Faire croire que tous les salariés ont le sourire, comme aime le dire à la presse la directrice de l’usine de PSA Mulhouse Corine Spilios : voilà le sens du show médiatique organisée par PSA hier dans le Haut-Rhin. Mais cette présentation en fanfare avait oublié les militants CGT, qui entendaient bien donner un autre son de cloche à l’occasion de la venue du ministre et du PDG, et d’exprimer la colère de tous les salariés, qu’ils soient embauchés, intérimaires ou sous-traitants : alors que les suppressions massives d’emplois continuent, que les conditions de travail sont toujours plus pénibles avec des suppressions de poste régulières, que la précarisation va grandissante avec plus de 1400 intérimaires dont 800 seulement au montage, Carlos Tavares, payé 13 500 euros par jour, dimanche et jours fériés compris, arrive tout sourire à l’usine. En un jour, le PDG gagne le salaire annuel d’un intérimaire, et il ose affirmer tout sourire que tout le monde est heureux dans la boite !

Exprimer notre colère au patron de PSA et à son serviteur le ministre de l’économie

Si Tavares et Lemaitre pensaient pouvoir venir à PSA Mulhouse faire leur show sans embûches, c’était mal connaître les syndicalistes : dès leur arrivée, à 11h30, les militants ont interpelé le ministre, lui demandant ce qu’il venait faire à Mulhouse alors que PSA avait supprimé plus de 25 000 emplois en cinq ans et que dans l’usine, un ouvrier sur deux était en situation de précarité avec des salaires de moins de 1100 euros. Des situations inacceptables dénoncées par les syndicalistes, d’autant plus que le groupe a fait presque 3 milliards de bénéfices et propose une augmentation de 19 euros… Pourquoi êtes vous venue encore plus de fric à PSA qui continue à licencier les ouvriers malades qui ne peuvent plus tenir leurs postes ? Le tout intervient dans un contexte social chargé, après la publication du rapport Spinetta et de l’annonce gouvernementale du recours aux ordonnances pour attaquer les cheminots : décidément, tout le monde est attaqué.
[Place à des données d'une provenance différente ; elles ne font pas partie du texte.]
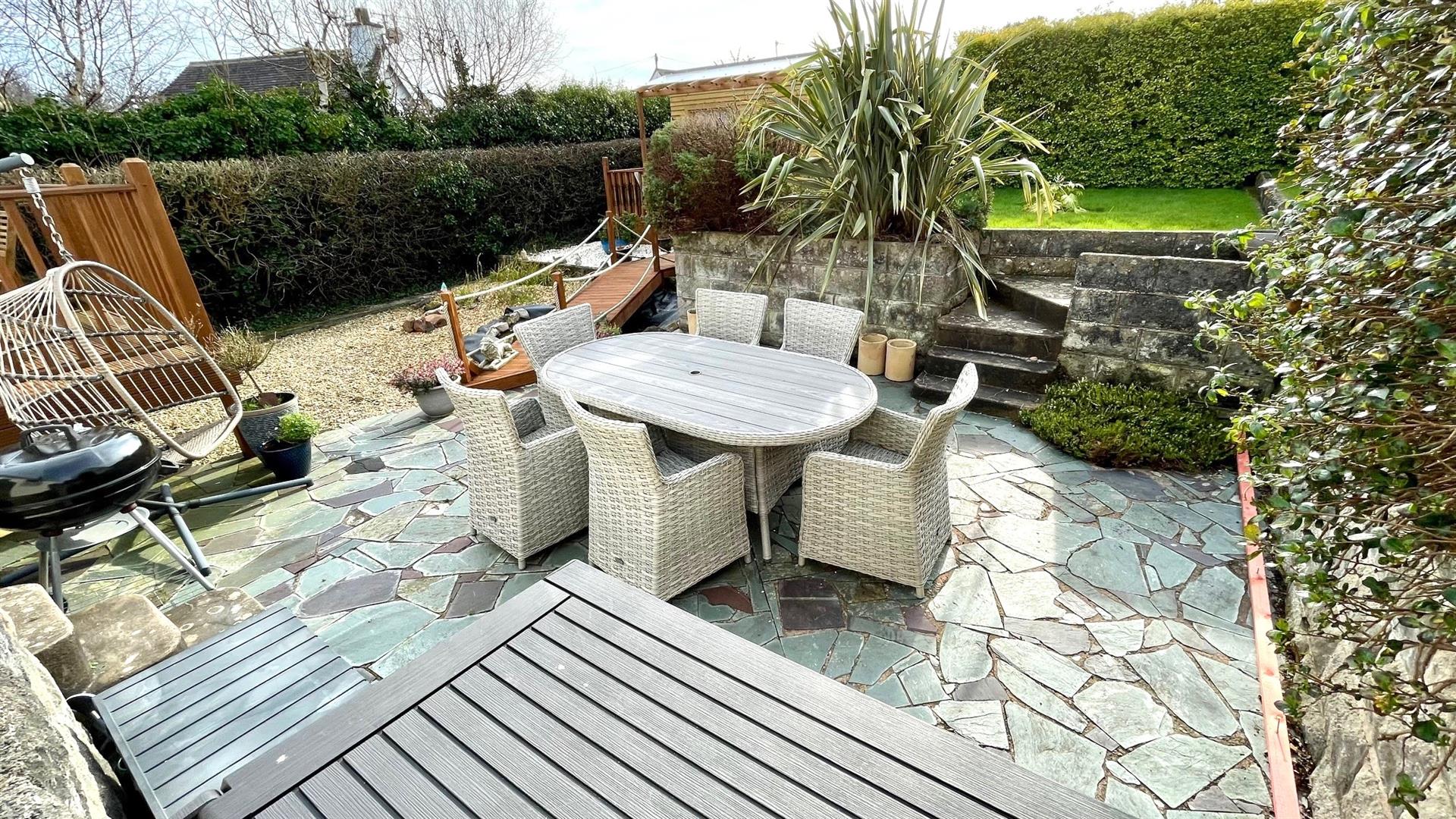 6 PERSON JACUZZI IN SUMMERHOUSEPATIOWalled area with slate crazy paving, seating/barbeque area, raised beds and shrubs.

La réponse de Le Maire : mépris et condescendance

Face à ces question, le ministre a répondu avec son mépris habituel, expliquant que si le groupe PSA était sur le point de fermer cette usines, ce sont aujourd’hui des milliers d’emplois de créés. Dans son mépris de classe made-in Macron, le ministre a aussi expliqué que si la France allait mal, c’était à cause des gens comme vous (les syndicalistes), et que le président, élu par les français, et non par trois syndicalistes archaïques, ne sera pas arrêté par ceux ci pour aller au bout de ses réformes.

Évidemment, nous n’attendions rien d’un ministre de Macron ni de Tavares qui sont les meilleurs amis du monde quand il s’agit de casser tous les acquis du mouvement ouvrier, et d’avancer à grand pas vers une plus grande « flexibilité » du droit du travail. Après-guerre, un dicton disait que « quand Renault éternue, la France s’enrhume »… peut-être un de ces jours les usines Peugeot seront les nouveaux coeur des grèves ouvrières, et les sourires de Lemaire et Tavares s’effaceront bien vite.